## Task directions
Exact copy, no pictures: return only the lines below from the line with "Makeup Bag Organizer" up to and including the line with "Vintage Byers’ Choice".

## Records to use
+-------+

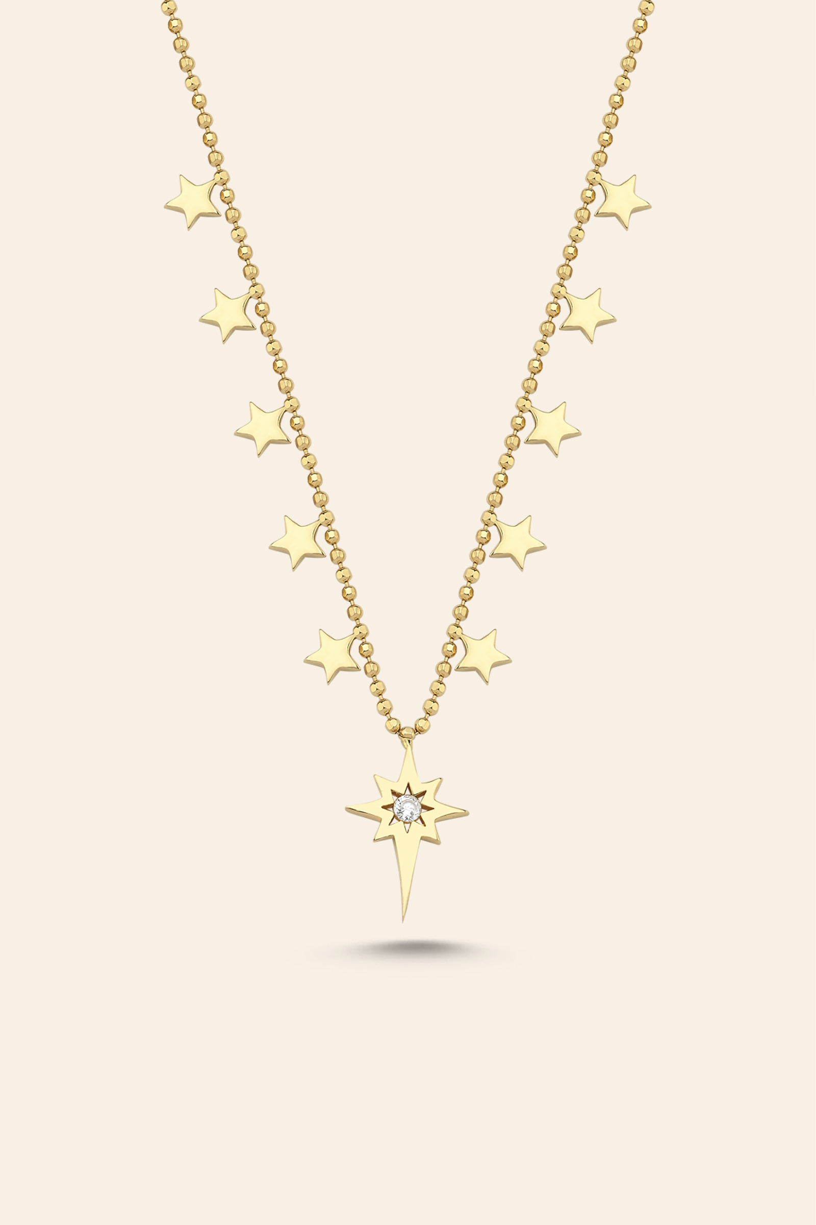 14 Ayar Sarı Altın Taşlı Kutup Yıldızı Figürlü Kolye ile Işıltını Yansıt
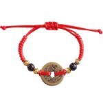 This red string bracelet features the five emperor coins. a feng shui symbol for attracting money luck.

+-------+

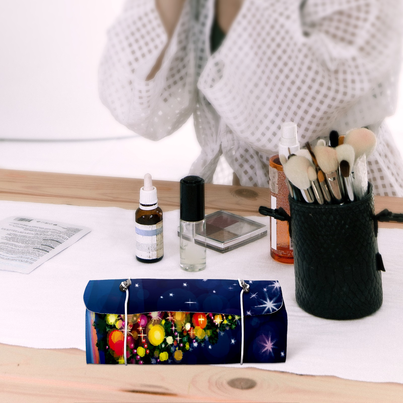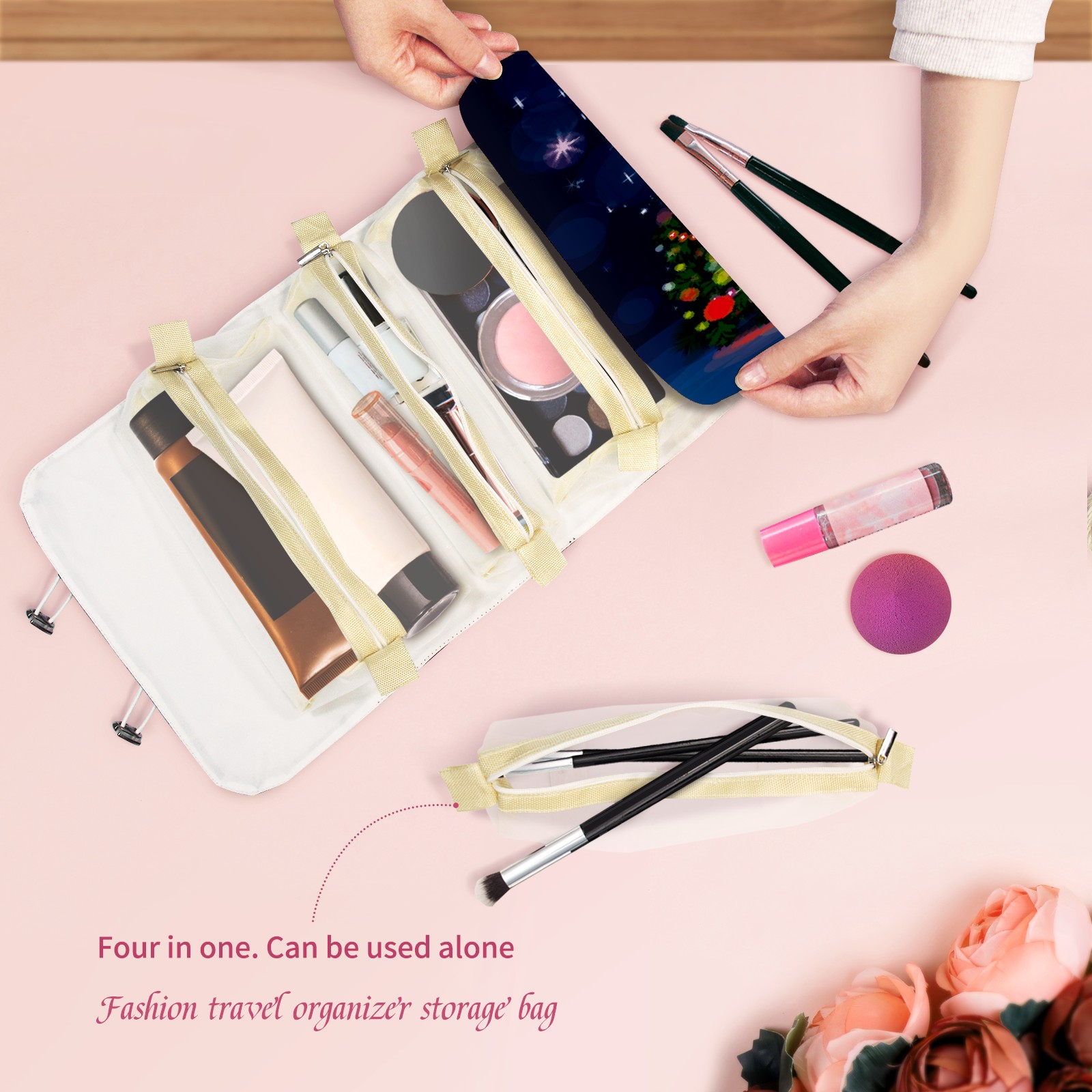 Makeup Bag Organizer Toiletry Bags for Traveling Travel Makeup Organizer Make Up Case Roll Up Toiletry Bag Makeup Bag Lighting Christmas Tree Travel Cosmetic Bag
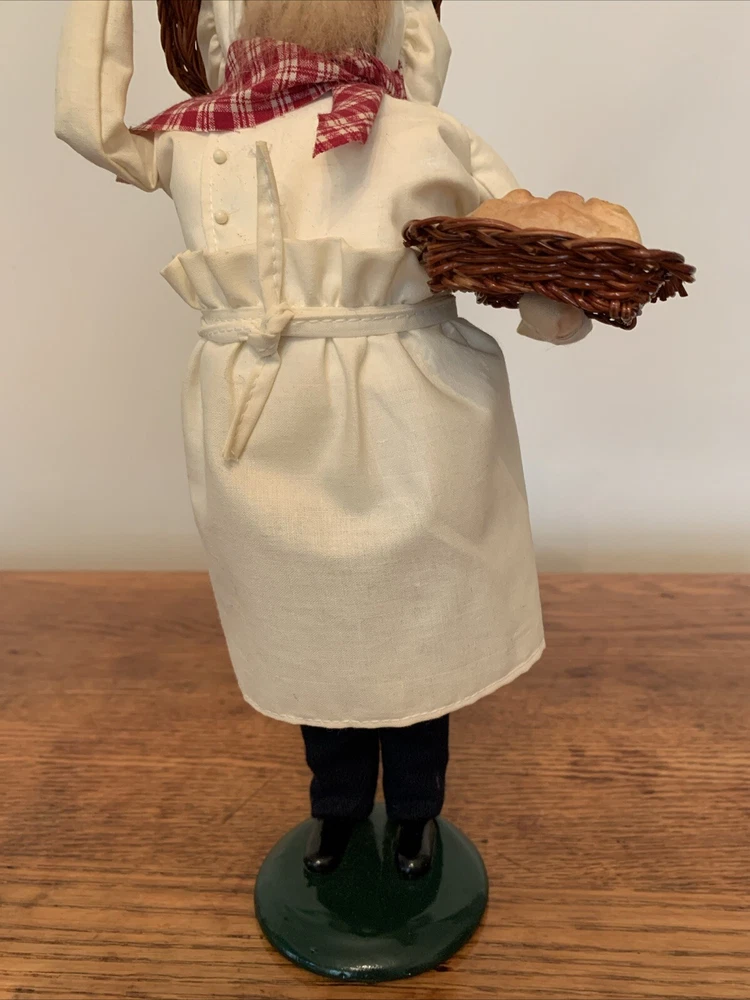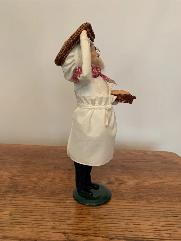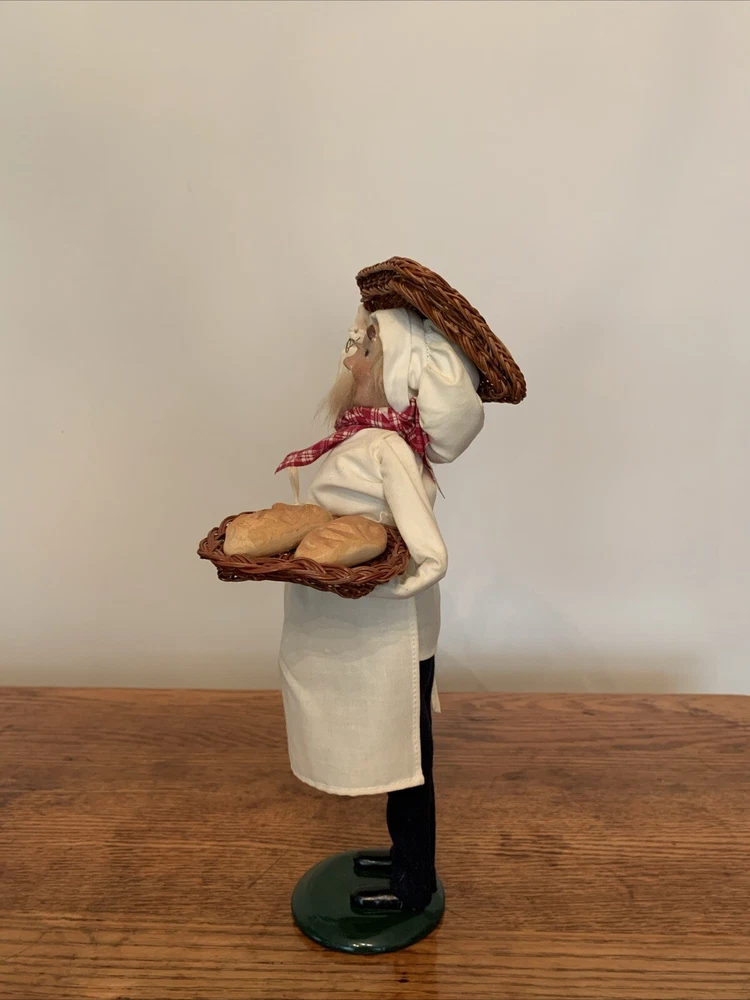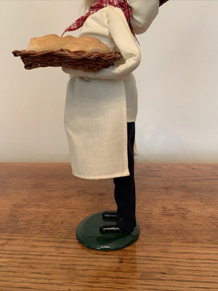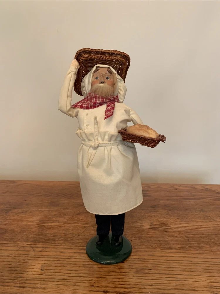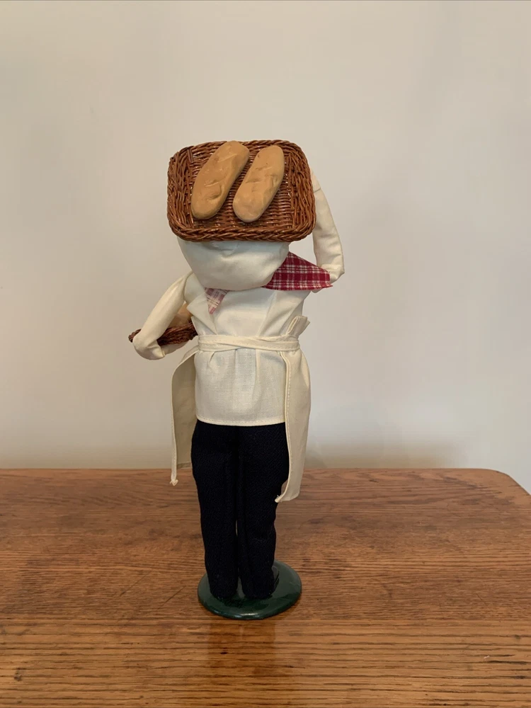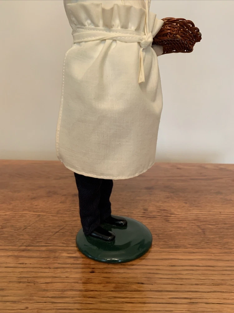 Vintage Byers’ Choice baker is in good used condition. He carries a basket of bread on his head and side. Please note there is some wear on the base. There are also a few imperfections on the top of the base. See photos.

+-------+

## Exercise solution
 Makeup Bag Organizer Toiletry Bags for Traveling Travel Makeup Organizer Make Up Case Roll Up Toiletry Bag Makeup Bag Lighting Christmas Tree Travel Cosmetic Bag
 Vintage Byers’ Choice baker is in good used condition. He carries a basket of bread on his head and side. Please note there is some wear on the base. There are also a few imperfections on the top of the base. See photos.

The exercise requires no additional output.